The Jammu and Kashmir State of India had legislative assembly election results declared last month. The separatists had given a boycott call, but not many listened to them. Not a single political outfit offered a word of sympathy to their positions. People voted for the pro-Indian parties overwhelmingly.
In the 87 member legislature, the National Conference Party has emerged largest with 28 seats. This is the party of the late secular pioneer, anti-British freedom fighter Sheikh Abdullah, who opposed occupation of part of Kashmir by Pakistan till his death. His son, Dr. Farukh Abdullah, is likely to be elected the next chief minister with the help of 17 members elected from the Congress Party of India, which leads the federal government of India.
Ten other seats have gone to smaller parties of which Communist Party of India (Marxist) also has one seat. The rightist BJP has bagged another 10 seats, under their recent anti -government crusade to deny land to a temple trust, an issue favored by the outgoing Congress state government. (Plus the BJP has been war-mongering, urging the Indian government to attack Pakistan in retaliation of the Mumbai terrorist attacks. The BJP’s attempt to use the Mumbai attacks for political gain seems to have failed.)
The rest of the 22 seats have been won by another secular party People’s Democratic Party whose leader Mufti Mohammad Sayeed was a federal minister in India a few years back.
About 55 percent of voters went to the polls ignoring boycott call. One top separatist said the elections declared the message to the people. Elections to the J& K assembly have been regularly held every five years. It has never been under army rule as is the case for Pakistani-occupied Kashmir for most part of its history.
British imperialists divided the country in 1947 under their own cooked up theory of two nations, one Hindu and one Muslim. The majority of the people of India – undivided — never agreed to such a theory. Under foreign rule the leaders of both sides were forced to accept this partition under the threat of devastating Hindu-Muslim massacres, stage managed by foreign rulers. Serious riots were purposefully unleashed, threatening tens of
millions of lives.

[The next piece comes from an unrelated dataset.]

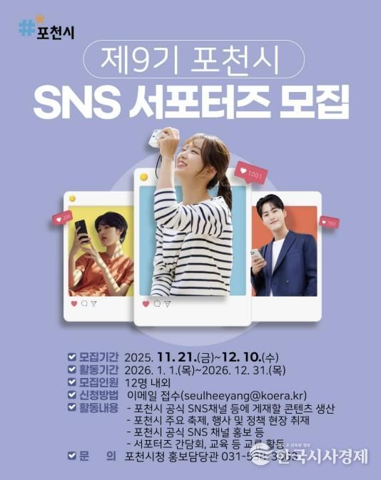 한국시사경제 경기북부취재본부 | 포천시는 시민의 시선으로 시정과 지역 소식을 생생하게 전달할 ‘2026년 제9기 포천시 누리소통망(SNS) 서포터즈’를 오는 12월 10일까지 공개 모집한다.

Historians have testified to the fact, including Maulana Abulklam Azad, the well known secular Muslim leader who was the president of the Congress Party of India for more than ten years of the freedom struggle of India.
After partition the British government enjoyed all sorts of rights in Pakistan under military rule. The people of Pakistan have no ill feeling about India, where 140 million of Muslims live in a secular country, get elected to assemblies, and federal legislatures and have occupied high posts including the president of India. The level of education for Muslim women and their civil rights in India far surpasses that attained by any other Muslim country in the world, although Indians are not happy with that level themselves.
International forces who thrive in divide and rule, keep tossing the idea of a ‘disputed Kashmir.”
Left to India and Pakistan the Kashmir problem would settle itself to the satisfaction of its people. It is outside interference that needs be eliminated.
Times have changed favorably for a peaceful coexistence. People of South Asia have posted high hopes on events that are likely to follow the change in U.S. administration, as also have the peace-loving people all over the world.
R.K. Sharma is a doctor and peace activist from India.